Tangent: Python has some nice built-in tools for *introspection* including looking at the AST of a piece of Python code. It's not quite as clean as the example above because it includes extra technical details.

```python
import ast
s = open("code/fib2.py").read()
n = ast.parse(s)
print(ast.dump(n))
```

```python
"Module(body=[FunctionDef(name='fib', args=arguments(args=[arg(arg='n', annotation=None)], vararg=None, kwonlyargs=[], kw_defaults=[], kwarg=None, defaults=[]), body=[If(test=Compare(left=Name(id='n', ctx=Load()), ops=[Lt()], comparators=[Num(n=2)]), body=[Return(value=Name(id='n', ctx=Load()))], orelse=[Return(value=BinOp(left=Call(func=Name(id='fib', ctx=Load()), args=[BinOp(left=Name(id='n', ctx=Load()), op=Sub(), right=Num(n=1))], keywords=[]), op=Add(), right=Call(func=Name(id='fib', ctx=Load()), args=[BinOp(left=Name(id='n', ctx=Load()), op=Sub(), right=Num(n=2))], keywords=[])))])], decorator_list=[], returns=None)])"
```

(The details of this are not examinable.)

### Node and graph terminology and properties

* Order: the number of nodes in the graph
* Size: the number of edges in the graph.

### Cycles

* Cycle: a sequence of 2+ nodes with edges allowing travel from start, along sequence, leading back to start
* Directed cycle: in a directed graph, a cycle exists only if this travel is consistent with edge direction
* A graph with no cycles is called *acyclic*.

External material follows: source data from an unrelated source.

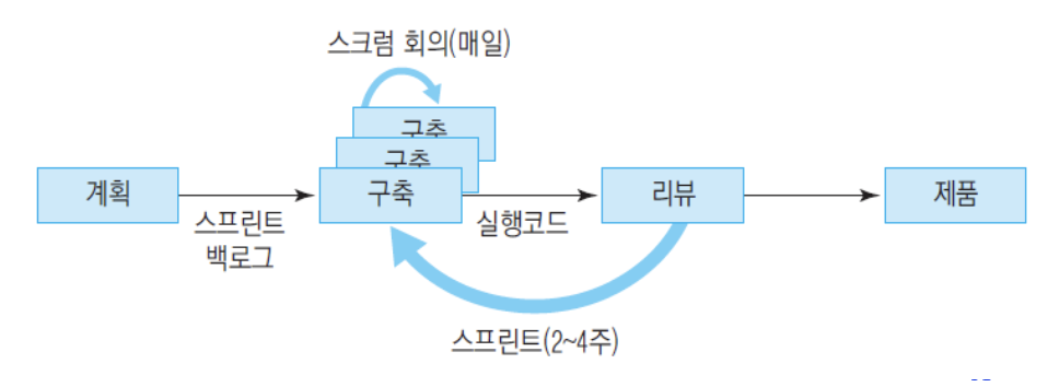 - 과도한 모델링과 문서화의 짐을 과감히 생략하고 개발에 집중 -> Extreme Programming, Scrum, DSDM(Dynamic systems development method)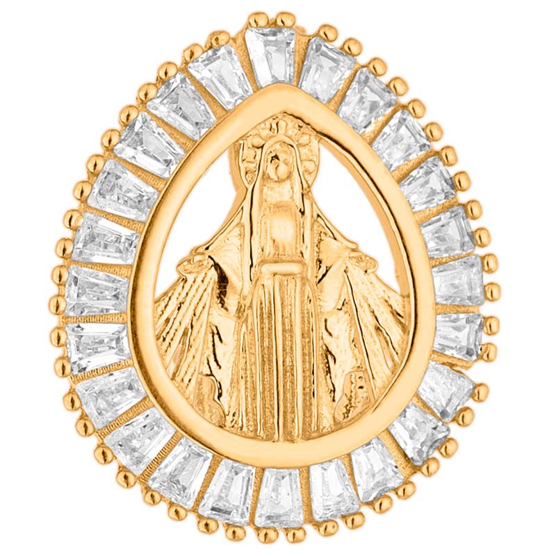 Pingente Nossa Senhora das Graças em ouro 18k com navetes zircônias.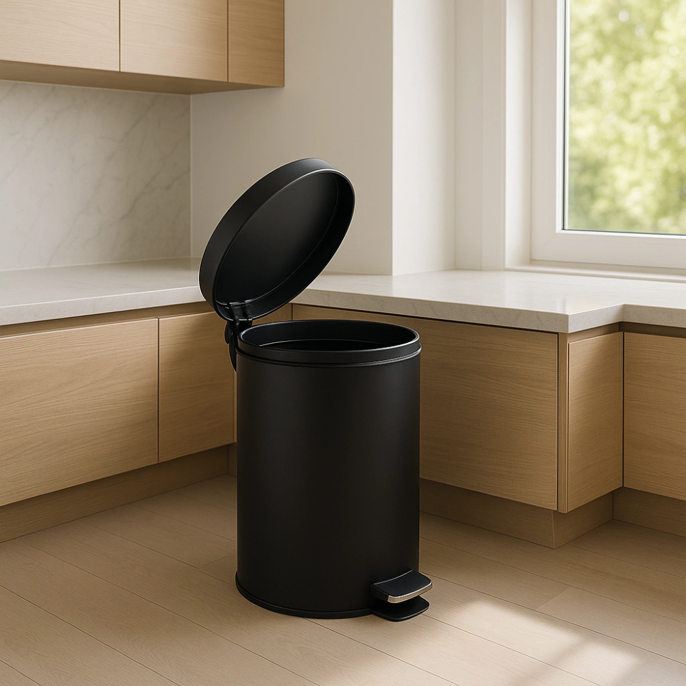Apertura con pedal: Mecanismo robusto y suave que permite abrir la tapa fácilmente con el pie, manteniendo tus manos libres y limpias.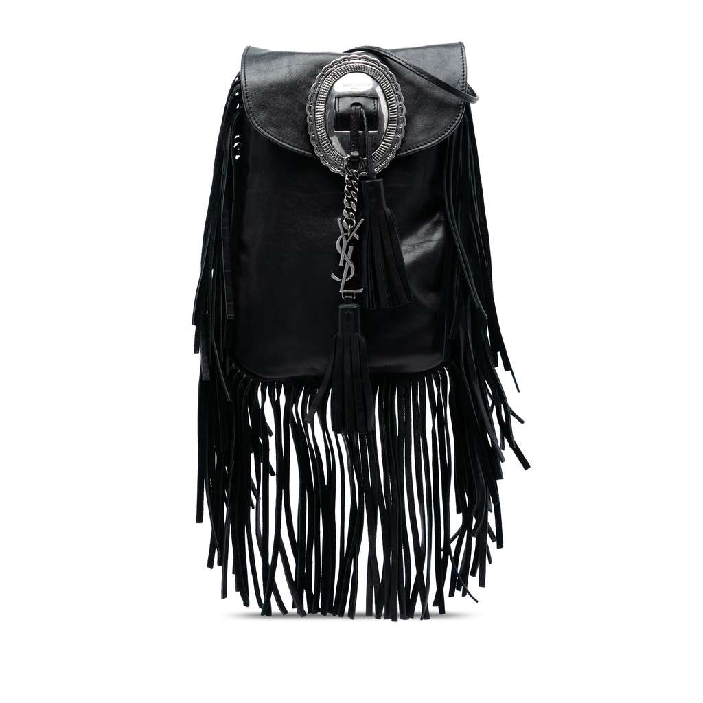 Saint Laurent Leather Anita Fringed Crossbody Black Mini Lea

* The *degree* of node *n* is the number of neighbours
* In a *directed graph*, each node has an *out-degree* and *in-degree*
* In a graph with *weighted edges*, the degree is the sum of relevant edge weights.

### Graph representations

There are several possible representations for a graph:

* Adjacency matrix
* List of edges
* Adjacency lists
* dict-of-dicts-of-dicts, as used by NetworkX, is a variant of adjacency-list.


### Adjacency matrix

In an adjacency matrix, we represent a graph of $n$ nodes as an $n\times n$ matrix. In a binary adjacency matrix, a 0 in location $(i, j)$ indicates no edge present between nodes $i$ and $j$; a 1 indicates the edge is present. 

If our edges have weights, we just put those instead of the "1"s.

### Adjacency lists

The adjacency lists representation is really more like a dictionary, where every node maps to a list of its neighbours, i.e. the nodes which are *adjacent* to it. Here is a graph in adjacency-lists format: 
```python
G = {
    0: [1, 2, 3], 
    1: [0, 3], 
    2: [0], 
    3: [0, 1], 
    4: []}
```


### List of edges

We could also represent a graph as a list of edges, where each edge is a 2-tuple. 

### Conclusion

Graph theory is the study of things that can be represented as graphs. And a *lot* of things can be represented as graphs.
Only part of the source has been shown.